Mas que acordo de melhoria de rendimentos é este?

É difícil não deduzir que se trata apenas de um acordo para “inglês ver”, por assim dizer, em que o Estado não dá o exemplo e em que as empresas a ele não se vincularão certamente.

Foi com pompa e circunstância que o senhor primeiro-ministro anunciou recentemente o “acordo de médio prazo para a melhoria dos rendimentos, dos salários e da competitividade”, alcançado na Comissão Permanente de Concertação Social do Conselho Económico e Social de Portugal continental.

Naturalmente que nos regozijamos com a escolha da Concertação Social, e não das ruas ou dos tribunais, como local de afirmação estratégica e prospetiva.

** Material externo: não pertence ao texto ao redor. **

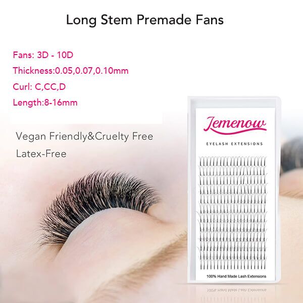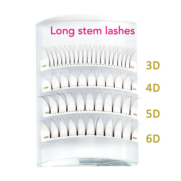 Long stem premade fans have a long base(square). They can create a dramatic and dense black eyeliner effect.

Estranhamos que sobre o ano de 2022 e a brutal perda de poder de compra dos trabalhadores e das suas famílias, não tenha existido uma palavra, nem uma medida eficaz de mitigação dos efeitos da inflação.

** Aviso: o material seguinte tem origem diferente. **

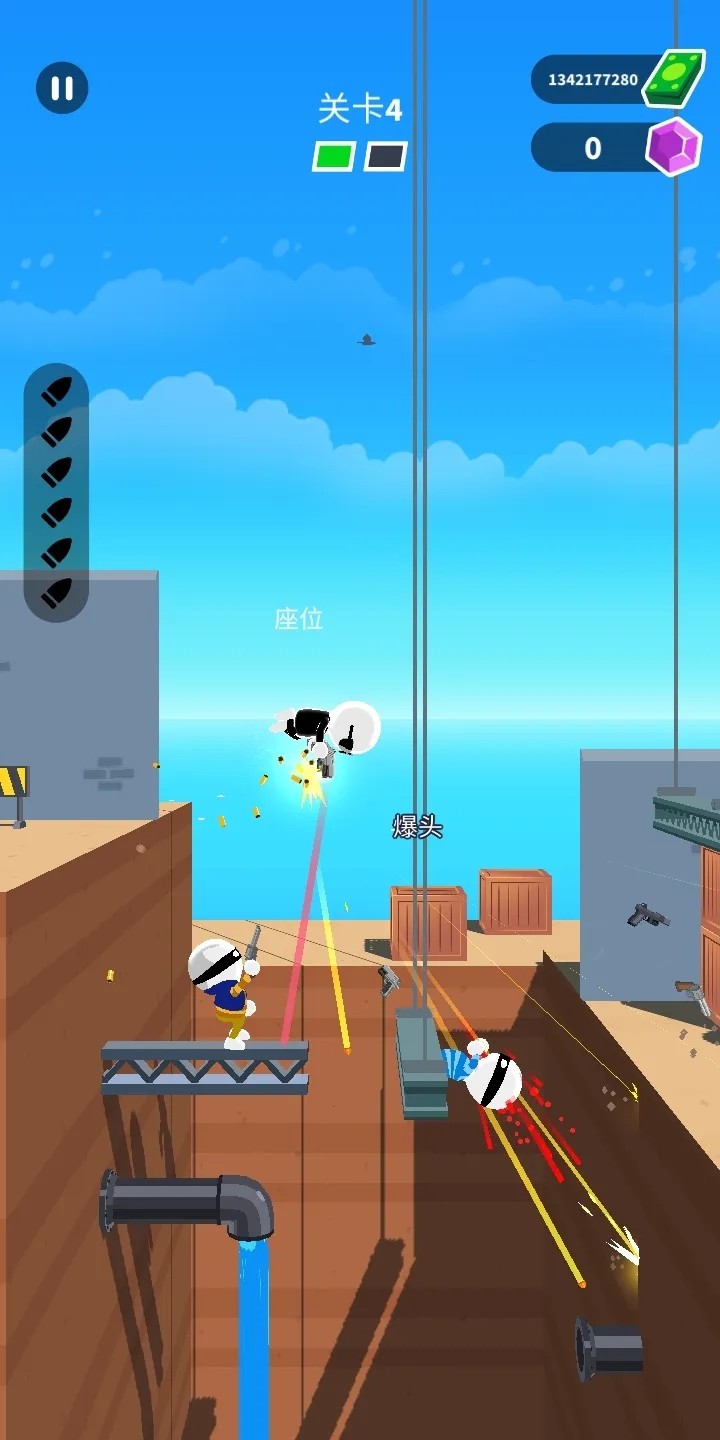 2、当红线对准敌人的时候点击屏幕人物将会进行射击

Recordo, porque a memória é sempre importante, que quando o primeiro-ministro José Sócrates, fazendo fé na Comissão Europeia, adotou políticas pró-cíclicas, mais tarde os poderes europeus não demonstraram a devida solidariedade e a República Portuguesa foi obrigada a implorar clemência perante os credores internacionais. Lembro igualmente que os portugueses sentiram, ao longo de três longos anos de resgate uma perda dolorosa de poder de compra. Agora, ao invés de três anos, bastou um ano!

A juntar à catástrofe de o ano de 2022 estar a ser particularmente penoso, o propalado acordo vem consubstanciar novas perdas de poder de compra para 2023.

Percebe-se mal se as empresas e que empresas vão implementar os aumentos. Parece ser apenas uma mera recomendação.

O próprio Estado, numa cegueira estratégica de consequências que se sentirão ao longo de décadas, parece querer desvalorizar os quadros técnicos (médicos, enfermeiros, professores, economistas, juristas, engenheiros, entre outros) ao propor para os mesmos aumentos muito inferiores aos que serão auferidos por funcionários menos qualificados.

Como se não bastasse tudo isto, esta Concertação Social é pouco representativa e por essa via cada vez mais frágil. Nela não estão representados alguns dos setores empresariais mais relevantes, como é o caso das imobiliárias, distribuição moderna e tecnologias de informação. Igualmente importante, importa notar que cerca de nove décimos dos trabalhadores não se sentem seguramente representados pela única central sindical que assinou o dito acordo.

Por tudo o que acima se refere de forma sucinta, é difícil não deduzir que se trata apenas de um acordo para “inglês ver”, por assim dizer, em que o Estado não dá o exemplo, as empresas a ele não se vincularão certamente, tal como não se vincularam desde já duas das três centrais sindicais existentes em Portugal.

Convenhamos que para acordo de médio prazo para a melhoria dos rendimentos, dos salários e da competitividade é curto, muito curto.